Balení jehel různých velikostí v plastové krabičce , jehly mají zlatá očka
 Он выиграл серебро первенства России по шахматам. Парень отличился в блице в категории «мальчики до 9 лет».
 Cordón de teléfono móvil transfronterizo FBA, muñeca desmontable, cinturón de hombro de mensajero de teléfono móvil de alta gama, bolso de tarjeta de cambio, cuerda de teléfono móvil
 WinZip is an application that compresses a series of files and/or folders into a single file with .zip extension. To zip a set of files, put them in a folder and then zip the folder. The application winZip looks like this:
++++++++++
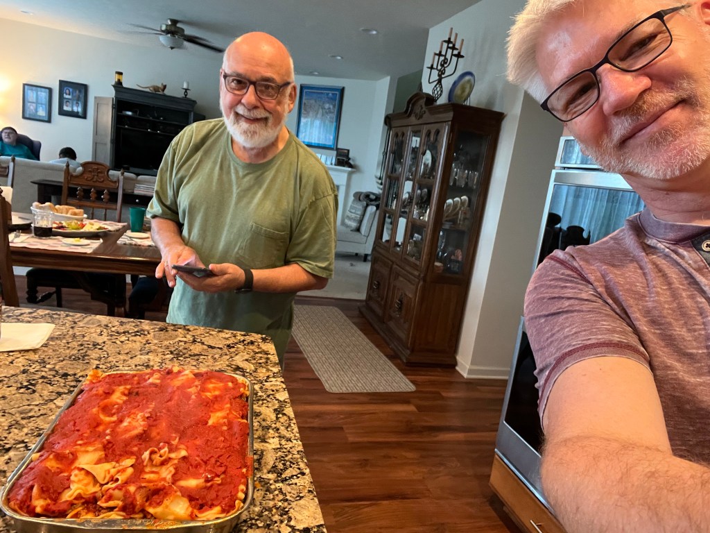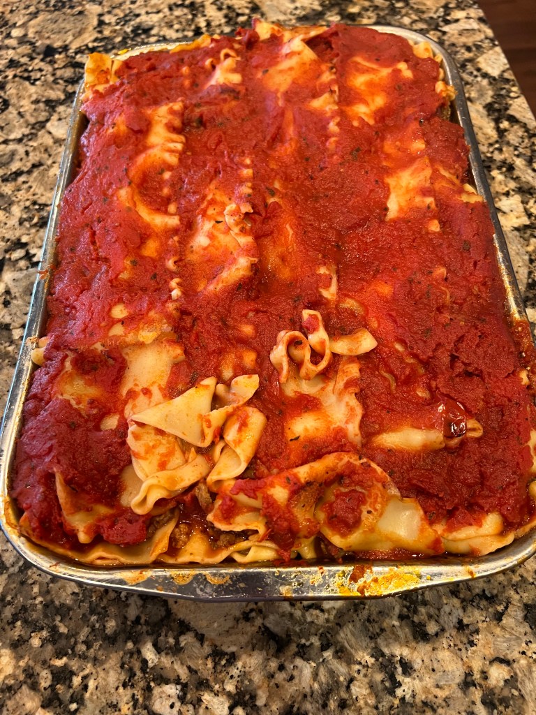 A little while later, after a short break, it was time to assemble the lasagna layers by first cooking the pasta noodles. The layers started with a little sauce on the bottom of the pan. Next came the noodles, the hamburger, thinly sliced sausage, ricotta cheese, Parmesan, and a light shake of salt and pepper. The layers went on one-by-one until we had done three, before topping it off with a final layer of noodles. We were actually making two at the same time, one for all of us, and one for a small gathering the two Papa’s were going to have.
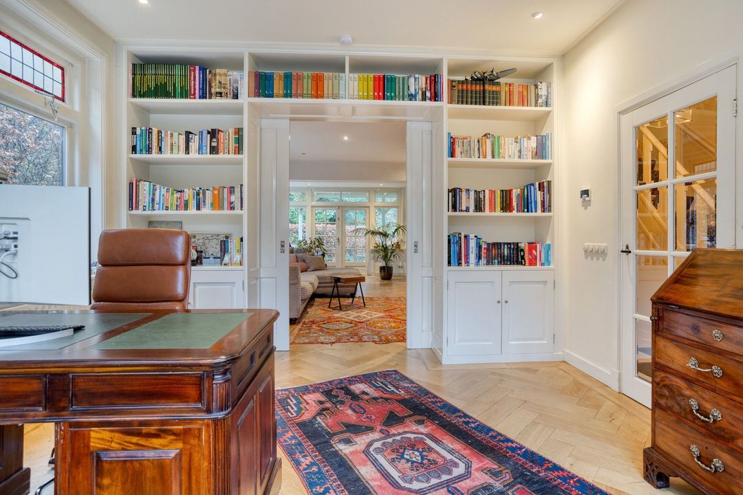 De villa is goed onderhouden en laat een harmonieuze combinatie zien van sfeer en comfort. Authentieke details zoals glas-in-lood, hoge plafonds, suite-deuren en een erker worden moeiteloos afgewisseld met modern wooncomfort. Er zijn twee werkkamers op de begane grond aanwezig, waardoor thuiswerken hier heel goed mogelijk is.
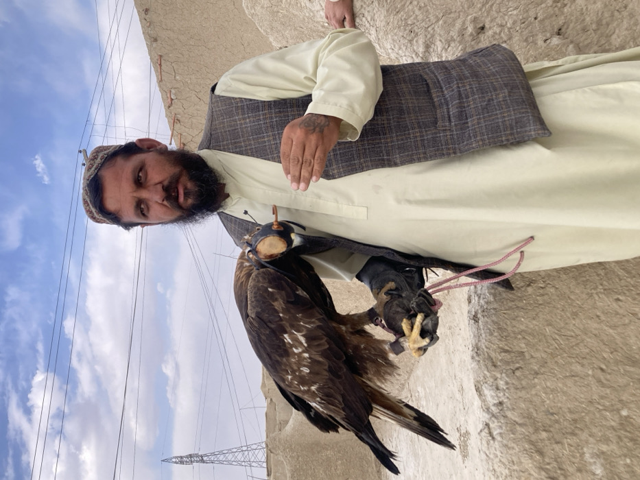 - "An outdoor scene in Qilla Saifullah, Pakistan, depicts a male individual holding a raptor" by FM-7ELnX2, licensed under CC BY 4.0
++++++++++
**THE PROBLEM**
In the listing above, find the line with "Balení jehel různých" and the line with "Он выиграл серебро"; output exactly those lines and all lines between them.

**WRITTEN RESPONSE**
Balení jehel různých velikostí v plastové krabičce , jehly mají zlatá očka
 Он выиграл серебро первенства России по шахматам. Парень отличился в блице в категории «мальчики до 9 лет».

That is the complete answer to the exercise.